Apr 19, 2012
By Scott P. Moore
Standard Staff Reporter
A rate increase of nearly two-and-a-half percent has begun to affect customers of Long Island American Water, the private utility company that maintains the water system throughout The Five Towns and Atlantic Beach, even as an excess iron problem continues throughout the system.
The New York State Public Service Commission approved a rate increase by Long Island American Water (LIAW) earlier this year, allowing the company to raise rates for the first time since they were previously set in 2008. According to a press release by the Public Service Commision on March 15th, LIAW’s rates increased by 2.48 percent for a residential customer using 72,000 gallons of water per year. The increase brings the total water bill for the year up to $391.73 for that customer, up from the previous average of $382.25.
The rate will continue to increase for two years after the first increase, including a 2.63 percent increase during 2013 and a 2.17 percent increase in 2014. The final increase will bring the average LIAW customer’s rate to about $411 a year. The rate increase went into effect starting on April 1st. Rates increased on the average by about two percent between 2008 and 2011, according to LIAW President William Varley. In the billing period from April 2011 to March 2012, Varley said LIAW did not raise rates. Last year, LIAW initially looked to increase rates by as much as 20 percent, but the Commission knocked down the large increase as the year went on.
“The rate increases are just caused by capital improvements,” said Varley. “They go towards helping us pay to treat the system.”
While the amount paid for the water services provided by LIAW head upwards, the iron problems continue to plague the system from Inwood to Lynbrook. An annual water quality report published by LIAW for the year 2011 found the system had roughly twice the “maximum content level” (MCL), or legal limit, of iron in the entire LIAW system. The MCL for iron is 0.3 milligrams per liter; the source tested last year ranged from as little as 0.14 mg/l up to a maximum 0.63 mg/l. However in a public letter sent by Varley on February 29th in response to public comments, he noted the legal limit for iron levels to be 1.5 mg/l as long as the utility uses a sequestering agent such as LIAW does with sodium silicate.

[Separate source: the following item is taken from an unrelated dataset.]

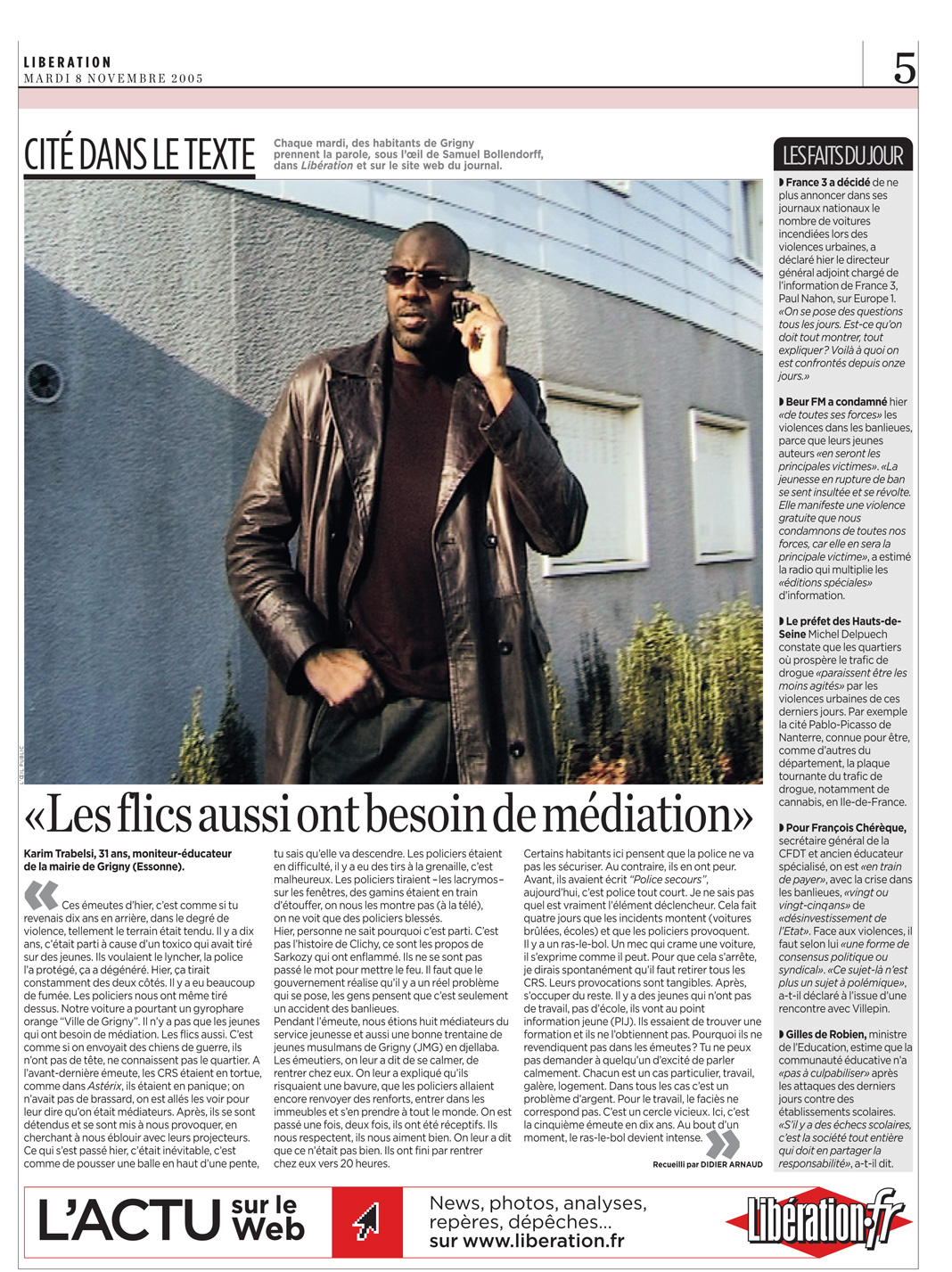 1. [...] journaliste à Libération et Samuel Bollendorff photographe à l’Oeil Public ont proposé une chronique hebdomadaire dans le journal et sur le site de Libération. Ainsi, durant une année, de janvier à décembre 2005, des habitants de Grigny, une banlieue du [...]

Last year, The South Shore Standard reported the levels in our area topped out at over three times the normally enforced legal amount at nearly 1 milligram per liter during tests conducted throughout 2010.
The Environmental Protection Agency (EPA) includes iron as a “secondary standard,” or a contaminant not considered to cause health problems, and are not enforced by the organization. Water providers are not obligated to test for these foreign particles, but are asked to check on a voluntary basis. Iron is noted for giving off unwanted aesthetic effects, including taste, smell and cloudiness, and technical effects, including a rusty color, sediment build-up, a metallic taste and reddish or orange staining in tubs and sinks.
“Historically, the South Shore of Long Island has high iron deposits,” said Varley. “Since 2005, we’ve taken aggressive effort against filtering it out. We have constructed $16 million worth of facilities to remove iron from the water.” Varley also said that LIAW had spent over $6 million on water main replacements throughout its service area.
LIAW has begun work on a new iron filtration plant in Lynbrook that the company hopes will help to ease the problem, but the facility will not be completed until 2013. LIAW has also replaced piping throughout parts of its system, including trouble-spots in Lawrence where customers’ filtration systems turned brown and black in a matter of weeks, as well as flushing out pipes.
“Between the building of new treatment and removal plants and replacing the water mains, I think we’ve done a good job,” said Varley.
“I still think the water is so dirty,” said Lawrence Mayor Martin Oliner. “We considered our own iron removal facility. I think a lot of the boilers and pools in the village have been damaged in the area.”
Oliner, who had proposed having the Village of Lawrence buy out LIAW for the responsibilities of its water system during a board meeting last year, said he hoped the village and neighboring areas would see changes soon.
“We’re working pretty closely with them to put in new piping, but its not the total issue,” said Oliner. “Its the well water that they are sending us. We’ve made some progress though and we have been able to put in new pipes, so in that regard things have been good.”